3. Consider asking for parental leave. Every parent of a child or adopted child is entitled to take a maximum of 18 weeks per child, up to the child’s 18th birthday. This is always unpaid leave and is normally taken in weekly periods. You need to be eligible and have been with the company for more than a year in order to use this.
 
4. Consider proposing a flexible working arrangement that allows you to work as best you can whilst also managing children at home over this period of disruption, for example: 
 
a. Could your work-day be split with a partner, or relative so that someone works early (7am-1pm) and someone works later (1pm – 6pm) and additional hours are worked in an evening if needed.
 
b. If you work part time already can you reduce your hours worked each day but increase your days worked over the week.
 
c. If you don’t work part time could you consider asking to work part time on a temporary basis for the coming weeks.
 
d. Can you work your hours outside of your employer’s normal working hours.
 
e. Can you work on weekends when others might be around to look after children and swap these days for some of your normal working days.
 
f. Consider whether you could ask to work compressed hours, working longer hours over fewer days on a temporary basis.
 
Whether flexible working would work for you, will depend very much on your role and normal working pattern, however now is the time to be considering creative ways in which you can meet work commitments whilst looking after children at home, and whilst maintaining a degree of sanity. 
 
The key is to open discussions with your employer sooner rather than later.
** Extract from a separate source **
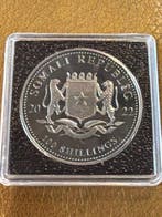 HierPub au topCatawikiToute la Belgique - Somalie. 100 Shilling 2022 Elefant -Keramik-Beschichtung /2022 somalie pièce d'argent de 1 once avec revêtement céramique 'éléphant' et finition ruthénium, encapsulée, pureté 999/1000, diamètre 38,7 mm, poids 31,1 g.

Put forward suggestions that you think can work and why, and be prepared to be flexible about them. Ideally get an agreement to a temporary change in working pattern in writing, and keep it under review. 
 
We are in an unprecedented situation where millions of us are facing the same issues. Whilst that doesn’t make them easier to deal with, what it does mean is that employers are likely to understand and accept that disruption is inevitable.

What is important is demonstrating the steps you are taking to continue as best you can, in light of the unsettling circumstances.